§ **AIM OF THE EXERCISE**
Set down every entry again word for word, please, but skip the pictures.

[Extracted data entries]
◆ ◆ ◆ ◆

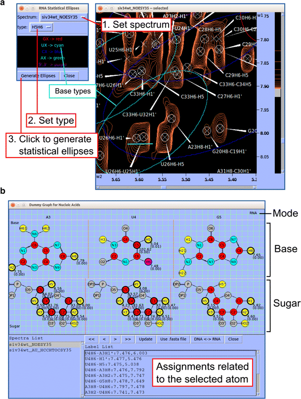 Tools developed for assisting chemical shift assignment of nucleic acids. a NMRFAM-SPARKY supports covariance ellipses for RNA 1H and 13C chemical shifts first introduced in the CHESS2FLYA program. Statistical ellipses is a tool in NMRFAM-SPARKY (two-letter-code SE) that overlays color-coded ellipses on the spectra to outline the range of chemical shifts expected for different RNA bases. The peaks underlined in cyan are near the center of the cyan ellipse, which corresponds to Uracil. b Dummy Graph for Nucleic Acids (two-letter-code DG) is a tool for visualizing atoms of DNA or RNA residues; base atoms of are shown at the top and those of the sugar and phosphate are shown at the bottom. The panel below shows assignments related to the selected atom shown in pink (U4H6) from the selected spectrum
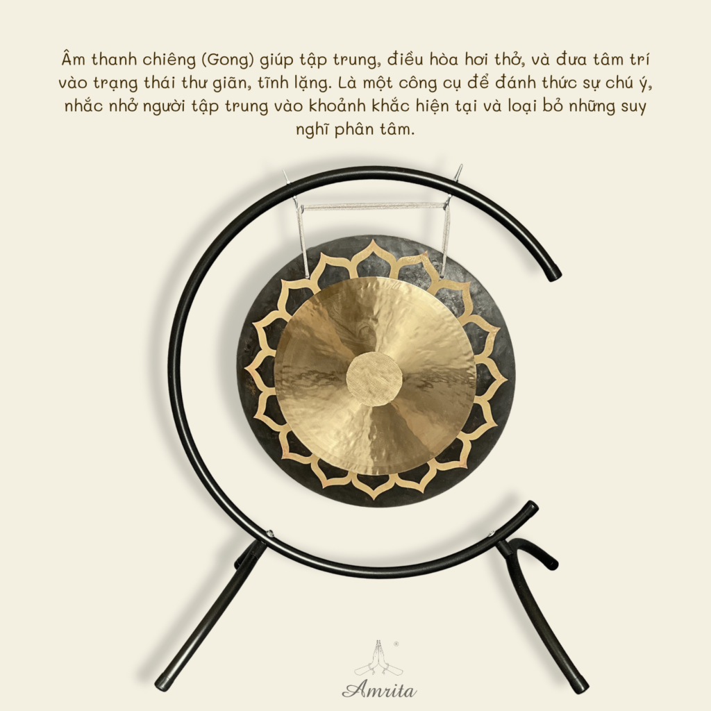 Âm thanh chiêng (Gong) giúp tập trung, điều hòa hơi thở, và đưa tâm trí vào trạng thái thư giãn, tĩnh lặng. Là một công cụ để đánh thức sự chú ý, nhắc nhở người tập trung vào khoảnh khắc hiện tại và loại bỏ những suy nghĩ phân tâm.
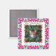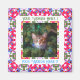 Custom Fun Jolly Rouge et Festive First Christmas Photo Cadre Magnet Carré. Un aimant frigo coloré et lumineux. Remplacez la photo et le texte par votre propre photo pour célébrer vos souvenirs de Yuletide. Offrez un cadeau de conservation de remplissage à votre famille et à vos proches. Dans les couleurs chaudes d'hiver de rouge, vert et orange et violet. Avec des touches de bleu glacé. Un cadeau abordable pour la famille et les meilleurs amis. Un cadre motif de bloc de couleurs joyeuses et vives borde l'image. Basé sur des motifs colorés et traditionnels. Utilisez comme un moyen bon marché de décorer la cuisine de Noël ou le bureau à la maison. Ayez un décor maximaliste de dopamine Noël!
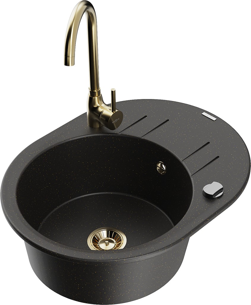 Technická data: dřez: Rozměr: 586 x 458 x 190 mm Hloubka komory: 180 mm Šířka komory: 378x374 mm Průměr odtoku: ø90 mm Typ: 1-miska s krátkým odkapávačem Typ: Zapuštěné do pracovní desky Barva: černá/zlatá metalíza Povrchová úprava sifonu: zlatá Materiál: žula (80 % žulové kamenivo, 20 % pryskyřice) Přepadový otvor: Ano Otvory: (baterie, automatické) 2 Instalace: Univerzální, lze instalovat s odkapávačem na levou nebo pravou stranu Vysoká odolnost proti poškrábání a změně barvy Odolnost proti tepelným šokům Snadno čistitelný povrch Jeden dodatečný vyfrézovaný otvor pro samoděrování ø35 kuchyňská baterie: Materiál: mosaz Barva: Zlatá Hlava: Keramická Provzdušňovač: Ano Typ: Jedna páka Výška baterie: 335 mm Rozsah výtoku: 180 mm
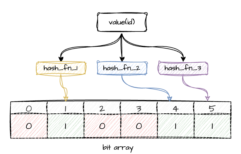 A Bloom filter is a probabilistic data structure that makes it possible to check whether an element is not present in a dataset. If the Bloom filter returns 0 for an element, it is definitely absent. If it returns 1, the element may be present — or this may be the result of a hash collision. The main goal is to reduce the probability of false positives and minimize memory lookups during checks.
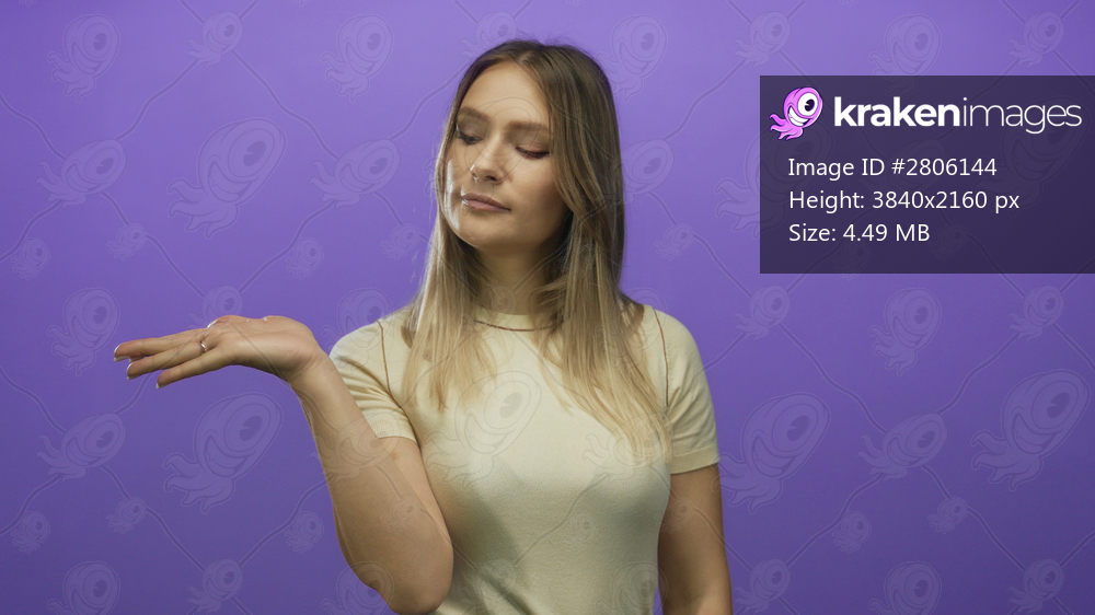 Young woman with blonde hair raises both hands against a vibrant purple background, expressing uncertainty in a casual setting.
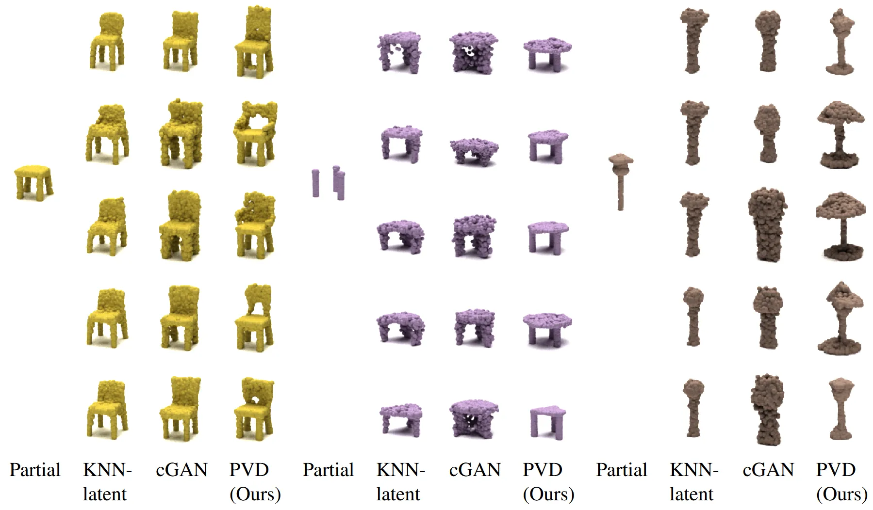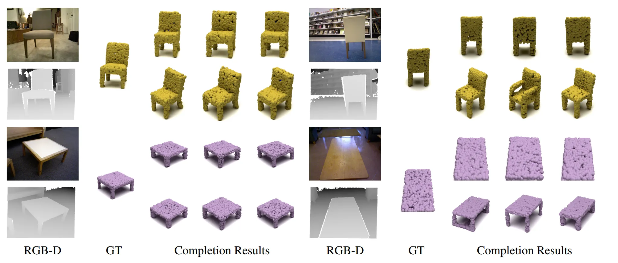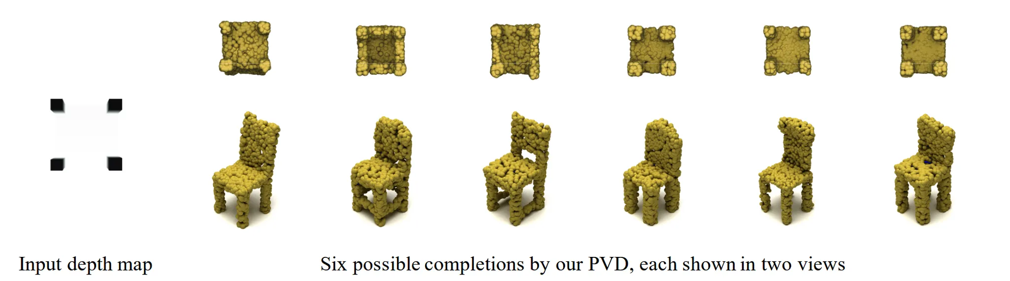 Diffusion 모델을 사용했기 때문에 같은 Partial shape을 주더라도 서로 다른 결과가 나올 수 있습니다. 참고로 여기서 말하는 multi-modal은 여러개의 modality를 입력으로 사용했다는 것이 아닌 1개의 입력으로 다양한 결과를 나타낼 수 있다는 의미로 사용했습니다.

◆ ◆ ◆ ◆

§ **WRITTEN REPLY**
 Tools developed for assisting chemical shift assignment of nucleic acids. a NMRFAM-SPARKY supports covariance ellipses for RNA 1H and 13C chemical shifts first introduced in the CHESS2FLYA program. Statistical ellipses is a tool in NMRFAM-SPARKY (two-letter-code SE) that overlays color-coded ellipses on the spectra to outline the range of chemical shifts expected for different RNA bases. The peaks underlined in cyan are near the center of the cyan ellipse, which corresponds to Uracil. b Dummy Graph for Nucleic Acids (two-letter-code DG) is a tool for visualizing atoms of DNA or RNA residues; base atoms of are shown at the top and those of the sugar and phosphate are shown at the bottom. The panel below shows assignments related to the selected atom shown in pink (U4H6) from the selected spectrum
 Âm thanh chiêng (Gong) giúp tập trung, điều hòa hơi thở, và đưa tâm trí vào trạng thái thư giãn, tĩnh lặng. Là một công cụ để đánh thức sự chú ý, nhắc nhở người tập trung vào khoảnh khắc hiện tại và loại bỏ những suy nghĩ phân tâm.
 Custom Fun Jolly Rouge et Festive First Christmas Photo Cadre Magnet Carré. Un aimant frigo coloré et lumineux. Remplacez la photo et le texte par votre propre photo pour célébrer vos souvenirs de Yuletide. Offrez un cadeau de conservation de remplissage à votre famille et à vos proches. Dans les couleurs chaudes d'hiver de rouge, vert et orange et violet. Avec des touches de bleu glacé. Un cadeau abordable pour la famille et les meilleurs amis. Un cadre motif de bloc de couleurs joyeuses et vives borde l'image. Basé sur des motifs colorés et traditionnels. Utilisez comme un moyen bon marché de décorer la cuisine de Noël ou le bureau à la maison. Ayez un décor maximaliste de dopamine Noël!
 Technická data: dřez: Rozměr: 586 x 458 x 190 mm Hloubka komory: 180 mm Šířka komory: 378x374 mm Průměr odtoku: ø90 mm Typ: 1-miska s krátkým odkapávačem Typ: Zapuštěné do pracovní desky Barva: černá/zlatá metalíza Povrchová úprava sifonu: zlatá Materiál: žula (80 % žulové kamenivo, 20 % pryskyřice) Přepadový otvor: Ano Otvory: (baterie, automatické) 2 Instalace: Univerzální, lze instalovat s odkapávačem na levou nebo pravou stranu Vysoká odolnost proti poškrábání a změně barvy Odolnost proti tepelným šokům Snadno čistitelný povrch Jeden dodatečný vyfrézovaný otvor pro samoděrování ø35 kuchyňská baterie: Materiál: mosaz Barva: Zlatá Hlava: Keramická Provzdušňovač: Ano Typ: Jedna páka Výška baterie: 335 mm Rozsah výtoku: 180 mm
 A Bloom filter is a probabilistic data structure that makes it possible to check whether an element is not present in a dataset. If the Bloom filter returns 0 for an element, it is definitely absent. If it returns 1, the element may be present — or this may be the result of a hash collision. The main goal is to reduce the probability of false positives and minimize memory lookups during checks.
 Young woman with blonde hair raises both hands against a vibrant purple background, expressing uncertainty in a casual setting.
 Diffusion 모델을 사용했기 때문에 같은 Partial shape을 주더라도 서로 다른 결과가 나올 수 있습니다. 참고로 여기서 말하는 multi-modal은 여러개의 modality를 입력으로 사용했다는 것이 아닌 1개의 입력으로 다양한 결과를 나타낼 수 있다는 의미로 사용했습니다.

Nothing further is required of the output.